Climate transition plans - Legal opinion on disclosure liabilities for directors and companies
The UK Government is currently consulting on how to implement mandatory disclosure of climate transition plans. While the initial focus is on UK-regulated financial institutions and FTSE 100 companies, more companies and sectors are likely to be included in future regulations.
With that in mind, it is interesting to see this legal opinion published by Erskine Chambers at the same time. Commissioned by ClientEarth, it assesses potential liabilities for companies and directors under English Law if climate transition plan disclosures become compulsory. It follows ClientEarth’s derivative action claim against Shell’s board of directors for alleged mismanagement of the company’s climate risks, which we considered here.
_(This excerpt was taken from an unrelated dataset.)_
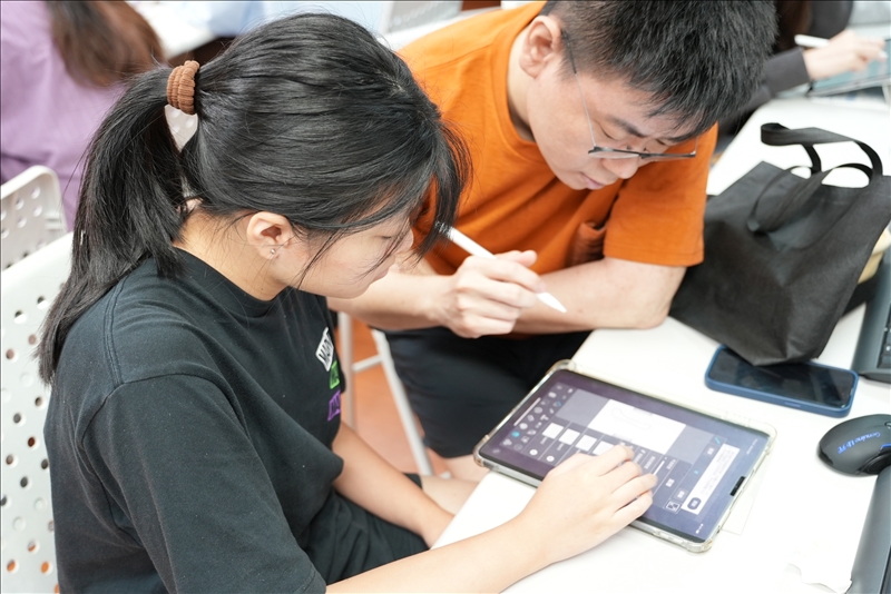學生認真聆聽講解,筆記與操作電腦同步進行。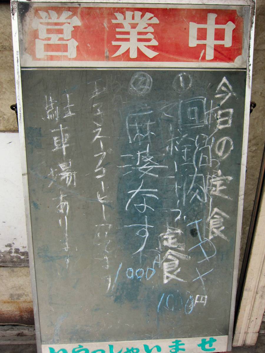 店頭に今日の定食の品が書かれています。 |

A climate transition plan outlines how a business will adapt to a low carbon economy, covering emissions, financial risks, supply chain, governance and business model changes. Erskine Chambers concludes that companies and directors are unlikely to face materially heightened legal risk if climate transition plan disclosure requirements are introduced. Their view rests on detailed analysis of current disclosure obligations, existing legal protections and the high standards required to establish liability.
Introducing mandatory disclosures may impose an extra burden on companies to gather and verify information, and could expose directors to some additional risk - particularly when relying on inputs from specialist staff or expert advisers. However, Erskine Chambers considers this risk to be limited because of legal protections afforded to those acting honestly, and expressing statements with genuine belief. Directors are also permitted to delegate tasks, provided they do so with due care, skill and diligence, and maintain oversight by asking appropriate questions. Simply relying on advice without scrutiny is not enough.
On the flip side, Erskine Chambers highlight potential benefits for directors and companies in meeting such disclosure requirements. For example, a well-prepared transition plan could help defend against greenwashing claims by substantiating climate-related statements.
They also note that liability exposure may be reduced, as:
- unrealistic targets, expectations and plans are more likely to be identified early;
- detailed disclosure frameworks require broad statements to be supported by evidence, limiting the scope for overstatement; and
- preparing such plans is likely to help prevent directors from making reckless forward-looking statements.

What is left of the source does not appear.